Uploaded image for project: 'Jira Service Management Data Center'
  1. Jira Service Management Data Center
  2. JSDSERVER-12620

The JSM Mail Handlers (channels) stop pulling new emails due to an infinite timeout used to fetch Oauth 2.0 tokens

      Issue Summary

      All the Jira Service Management (JSM) Mail Channels stop pulling new incoming emails due to an infinite timeout value used to fetch a new Oauth 2.0 access token.

      Environment

      • Jira Service Management (JSM) on 4.10.0 and any higher version
      • At least 1 JSM Mail Channel must be configured (in Project Settings > Email Requests) using Oauth 2.0 as the authorization method for the bug to be replicable

      Steps to replicate

      This issue has not been replicated in our environment since, to replicate it, we would need to create some "network latency" at the right time to trigger the bug.

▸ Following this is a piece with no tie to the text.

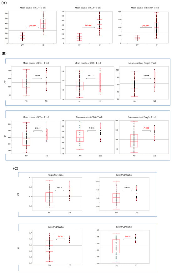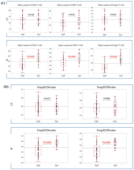 - Kinoshita, F.; Takada, K.; Yamada, Y.; Oku, Y.; Kosai, K.; Ono, Y.; Tanaka, K.; Wakasu, S.; Oba, T.; Osoegawa, A.; et al. Combined Evaluation of Tumor-Infiltrating CD8 + and FoxP3 + Lymphocytes Provides Accurate Prognosis in Stage IA Lung Adenocarcinoma. Ann. Surg. Oncol. 2020, 27, 2102–2109. [Google Scholar] [CrossRef] [PubMed]
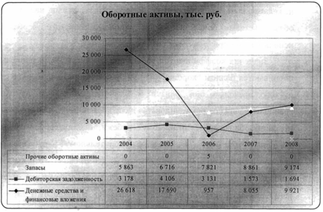 Подобное изменение в относительном выражении иммобилизованных активов отображалось и на поведении мобильных оборотных активов, к которым относятся запасы, дебиторская задолженность и прочие оборотные активы, следующим образом: их доля в валюте баланса после роста в 2002 до отметки 10957 тыс. рублей снизилась в 2003 году на 1,8%, а в 2004 выросла4,2%, практически превысив показатель 2001 года на 46 тыс. рублей.

      Even though the steps to replicate the issue are not fully identified, they should look like the ones listed below:

      1. Install JSM on 4.10.0 or any higher version
      2. Create a JSM project
      3. Configure a JSM Mail Handler in Project Settings > Email Requests using Oauth 2.0 as the authentication method as per this documentation
      4. Verify that the JSM Mail Handler is able to fetch incoming emails from the mailbox configured in Project Settings > Email Requests
      5. Wait for about 1h
        • This is usually the time when the Oauth 2.0 Access token expires (for Gmail and Microsoft)
        • The Mail Puller Job of the JSM Mail Channel will try to fetch a new Oauth 2.0 Access token, using the Oauth 2.0 Refresh token
      6. Create some "network latency/interruption" that will prevent Gmail or Microsoft (depending on which Mail Server is used for the test) from sending a response back to the Mail Puller Job

      Expected Results

      The HTTP request sent by the Mail Puller job should eventually timeout, since no reply was sent back from the Mail Server, and the Mail Puller job should stop its own execution, until it is scheduled again 1 minute later.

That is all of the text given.